PROBLEM REQUIREMENTS: Repeat only the lines running from the beginning of the material through the line that contains "Ice Duo is actually".

=== Section Start ===

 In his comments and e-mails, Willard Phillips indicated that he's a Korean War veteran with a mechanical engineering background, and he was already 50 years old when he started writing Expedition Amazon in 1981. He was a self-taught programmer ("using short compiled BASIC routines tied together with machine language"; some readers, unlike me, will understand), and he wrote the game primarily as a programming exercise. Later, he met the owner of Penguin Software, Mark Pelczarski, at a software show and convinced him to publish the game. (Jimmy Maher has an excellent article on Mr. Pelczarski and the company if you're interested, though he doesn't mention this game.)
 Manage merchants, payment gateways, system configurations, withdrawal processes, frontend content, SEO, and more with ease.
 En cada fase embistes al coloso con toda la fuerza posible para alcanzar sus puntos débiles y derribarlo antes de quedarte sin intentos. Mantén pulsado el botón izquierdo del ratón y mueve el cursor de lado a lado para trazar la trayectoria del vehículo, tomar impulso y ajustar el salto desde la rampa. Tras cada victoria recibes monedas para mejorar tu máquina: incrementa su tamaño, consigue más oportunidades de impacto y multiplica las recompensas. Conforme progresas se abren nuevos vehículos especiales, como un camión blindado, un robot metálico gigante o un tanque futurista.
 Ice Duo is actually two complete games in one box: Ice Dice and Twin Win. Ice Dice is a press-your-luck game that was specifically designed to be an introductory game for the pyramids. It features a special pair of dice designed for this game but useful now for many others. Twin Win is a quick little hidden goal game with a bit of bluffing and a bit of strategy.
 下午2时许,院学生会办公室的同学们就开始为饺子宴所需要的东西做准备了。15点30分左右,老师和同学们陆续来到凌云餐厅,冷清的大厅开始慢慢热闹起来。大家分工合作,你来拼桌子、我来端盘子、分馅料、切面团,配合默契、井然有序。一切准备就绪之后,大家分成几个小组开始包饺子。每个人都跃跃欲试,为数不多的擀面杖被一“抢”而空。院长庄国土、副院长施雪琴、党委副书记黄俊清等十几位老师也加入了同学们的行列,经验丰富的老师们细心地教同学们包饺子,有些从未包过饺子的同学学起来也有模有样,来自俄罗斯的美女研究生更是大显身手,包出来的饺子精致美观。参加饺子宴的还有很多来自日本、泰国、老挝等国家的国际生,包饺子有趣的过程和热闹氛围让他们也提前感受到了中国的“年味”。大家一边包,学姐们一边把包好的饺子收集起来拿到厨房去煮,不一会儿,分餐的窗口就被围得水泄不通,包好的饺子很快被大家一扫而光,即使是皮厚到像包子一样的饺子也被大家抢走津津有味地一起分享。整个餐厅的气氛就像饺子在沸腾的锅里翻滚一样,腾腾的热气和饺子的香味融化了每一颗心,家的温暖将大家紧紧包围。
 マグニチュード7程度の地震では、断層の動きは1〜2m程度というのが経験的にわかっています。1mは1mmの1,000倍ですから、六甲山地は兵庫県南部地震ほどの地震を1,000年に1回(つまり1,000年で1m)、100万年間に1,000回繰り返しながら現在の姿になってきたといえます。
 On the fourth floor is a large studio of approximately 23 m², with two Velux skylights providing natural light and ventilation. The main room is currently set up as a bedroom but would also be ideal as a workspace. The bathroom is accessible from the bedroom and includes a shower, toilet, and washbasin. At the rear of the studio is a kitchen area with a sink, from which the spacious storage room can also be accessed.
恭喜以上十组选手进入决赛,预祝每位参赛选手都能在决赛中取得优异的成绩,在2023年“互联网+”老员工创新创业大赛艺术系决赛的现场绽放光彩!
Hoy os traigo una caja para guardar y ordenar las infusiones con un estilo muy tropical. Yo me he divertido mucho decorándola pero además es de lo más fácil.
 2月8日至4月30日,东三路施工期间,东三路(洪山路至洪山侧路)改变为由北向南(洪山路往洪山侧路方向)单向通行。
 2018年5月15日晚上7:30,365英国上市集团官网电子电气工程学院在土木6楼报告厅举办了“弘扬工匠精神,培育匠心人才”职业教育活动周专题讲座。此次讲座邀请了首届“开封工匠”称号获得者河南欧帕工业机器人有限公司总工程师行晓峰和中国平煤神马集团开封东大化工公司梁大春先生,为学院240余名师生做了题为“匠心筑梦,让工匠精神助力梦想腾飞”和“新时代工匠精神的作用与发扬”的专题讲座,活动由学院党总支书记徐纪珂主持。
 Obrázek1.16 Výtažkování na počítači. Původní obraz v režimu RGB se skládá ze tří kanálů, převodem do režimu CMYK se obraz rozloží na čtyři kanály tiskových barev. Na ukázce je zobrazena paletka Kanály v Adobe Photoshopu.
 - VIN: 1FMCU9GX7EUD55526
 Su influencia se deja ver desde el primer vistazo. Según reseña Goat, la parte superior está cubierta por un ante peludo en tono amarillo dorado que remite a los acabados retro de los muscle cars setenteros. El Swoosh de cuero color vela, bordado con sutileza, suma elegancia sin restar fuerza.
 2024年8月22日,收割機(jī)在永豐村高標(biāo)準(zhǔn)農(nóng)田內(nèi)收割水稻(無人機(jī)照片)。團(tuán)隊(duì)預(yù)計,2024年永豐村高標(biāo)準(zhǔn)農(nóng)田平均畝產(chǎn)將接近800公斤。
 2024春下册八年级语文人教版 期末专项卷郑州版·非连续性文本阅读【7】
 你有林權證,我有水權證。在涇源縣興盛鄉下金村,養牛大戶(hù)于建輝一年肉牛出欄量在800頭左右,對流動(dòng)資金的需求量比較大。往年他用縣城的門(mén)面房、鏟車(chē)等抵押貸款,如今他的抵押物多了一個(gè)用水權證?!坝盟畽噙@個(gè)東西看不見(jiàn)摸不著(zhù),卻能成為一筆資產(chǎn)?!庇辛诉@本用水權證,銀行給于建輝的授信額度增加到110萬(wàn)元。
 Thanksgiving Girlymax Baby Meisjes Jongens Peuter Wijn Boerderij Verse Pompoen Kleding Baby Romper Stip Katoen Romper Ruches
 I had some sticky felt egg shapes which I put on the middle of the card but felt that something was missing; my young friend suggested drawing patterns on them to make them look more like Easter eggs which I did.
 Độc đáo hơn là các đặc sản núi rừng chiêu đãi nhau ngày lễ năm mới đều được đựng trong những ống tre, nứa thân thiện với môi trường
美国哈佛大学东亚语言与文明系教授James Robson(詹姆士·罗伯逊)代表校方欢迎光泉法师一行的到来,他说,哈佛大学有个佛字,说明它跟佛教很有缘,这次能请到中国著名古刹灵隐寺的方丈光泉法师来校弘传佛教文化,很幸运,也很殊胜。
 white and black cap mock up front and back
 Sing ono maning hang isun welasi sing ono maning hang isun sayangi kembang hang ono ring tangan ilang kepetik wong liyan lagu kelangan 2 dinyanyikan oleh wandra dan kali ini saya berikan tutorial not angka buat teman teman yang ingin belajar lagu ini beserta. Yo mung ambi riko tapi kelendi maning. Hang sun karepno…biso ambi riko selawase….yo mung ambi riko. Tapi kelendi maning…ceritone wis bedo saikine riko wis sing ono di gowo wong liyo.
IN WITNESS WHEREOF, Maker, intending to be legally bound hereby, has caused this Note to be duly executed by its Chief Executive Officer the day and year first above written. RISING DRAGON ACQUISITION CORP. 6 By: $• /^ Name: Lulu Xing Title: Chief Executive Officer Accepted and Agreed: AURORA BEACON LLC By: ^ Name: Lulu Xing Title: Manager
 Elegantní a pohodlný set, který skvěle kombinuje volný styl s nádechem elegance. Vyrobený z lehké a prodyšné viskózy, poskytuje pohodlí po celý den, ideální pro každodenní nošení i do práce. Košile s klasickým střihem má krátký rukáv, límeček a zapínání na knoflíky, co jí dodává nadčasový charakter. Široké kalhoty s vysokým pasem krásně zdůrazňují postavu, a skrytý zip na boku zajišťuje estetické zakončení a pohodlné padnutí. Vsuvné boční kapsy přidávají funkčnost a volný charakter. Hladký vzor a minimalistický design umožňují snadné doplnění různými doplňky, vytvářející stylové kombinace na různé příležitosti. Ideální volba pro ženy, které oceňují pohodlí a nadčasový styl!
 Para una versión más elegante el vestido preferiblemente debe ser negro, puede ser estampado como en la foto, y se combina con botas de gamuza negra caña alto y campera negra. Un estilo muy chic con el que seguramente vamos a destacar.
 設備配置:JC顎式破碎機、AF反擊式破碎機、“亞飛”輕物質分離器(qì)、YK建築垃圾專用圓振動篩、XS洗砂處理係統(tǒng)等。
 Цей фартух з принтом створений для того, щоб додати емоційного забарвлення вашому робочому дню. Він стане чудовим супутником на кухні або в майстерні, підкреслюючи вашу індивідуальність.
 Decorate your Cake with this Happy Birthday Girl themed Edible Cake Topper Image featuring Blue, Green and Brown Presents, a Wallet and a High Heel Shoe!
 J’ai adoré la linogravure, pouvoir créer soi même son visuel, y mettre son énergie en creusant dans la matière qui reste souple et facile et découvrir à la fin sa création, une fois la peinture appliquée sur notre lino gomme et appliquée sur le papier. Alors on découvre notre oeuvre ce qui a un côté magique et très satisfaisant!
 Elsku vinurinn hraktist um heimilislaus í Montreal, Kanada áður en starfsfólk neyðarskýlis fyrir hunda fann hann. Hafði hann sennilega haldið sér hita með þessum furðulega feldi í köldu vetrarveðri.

=== Section End ===

RESPONSE TO THE EXERCISE:
 In his comments and e-mails, Willard Phillips indicated that he's a Korean War veteran with a mechanical engineering background, and he was already 50 years old when he started writing Expedition Amazon in 1981. He was a self-taught programmer ("using short compiled BASIC routines tied together with machine language"; some readers, unlike me, will understand), and he wrote the game primarily as a programming exercise. Later, he met the owner of Penguin Software, Mark Pelczarski, at a software show and convinced him to publish the game. (Jimmy Maher has an excellent article on Mr. Pelczarski and the company if you're interested, though he doesn't mention this game.)
 Manage merchants, payment gateways, system configurations, withdrawal processes, frontend content, SEO, and more with ease.
 En cada fase embistes al coloso con toda la fuerza posible para alcanzar sus puntos débiles y derribarlo antes de quedarte sin intentos. Mantén pulsado el botón izquierdo del ratón y mueve el cursor de lado a lado para trazar la trayectoria del vehículo, tomar impulso y ajustar el salto desde la rampa. Tras cada victoria recibes monedas para mejorar tu máquina: incrementa su tamaño, consigue más oportunidades de impacto y multiplica las recompensas. Conforme progresas se abren nuevos vehículos especiales, como un camión blindado, un robot metálico gigante o un tanque futurista.
 Ice Duo is actually two complete games in one box: Ice Dice and Twin Win. Ice Dice is a press-your-luck game that was specifically designed to be an introductory game for the pyramids. It features a special pair of dice designed for this game but useful now for many others. Twin Win is a quick little hidden goal game with a bit of bluffing and a bit of strategy.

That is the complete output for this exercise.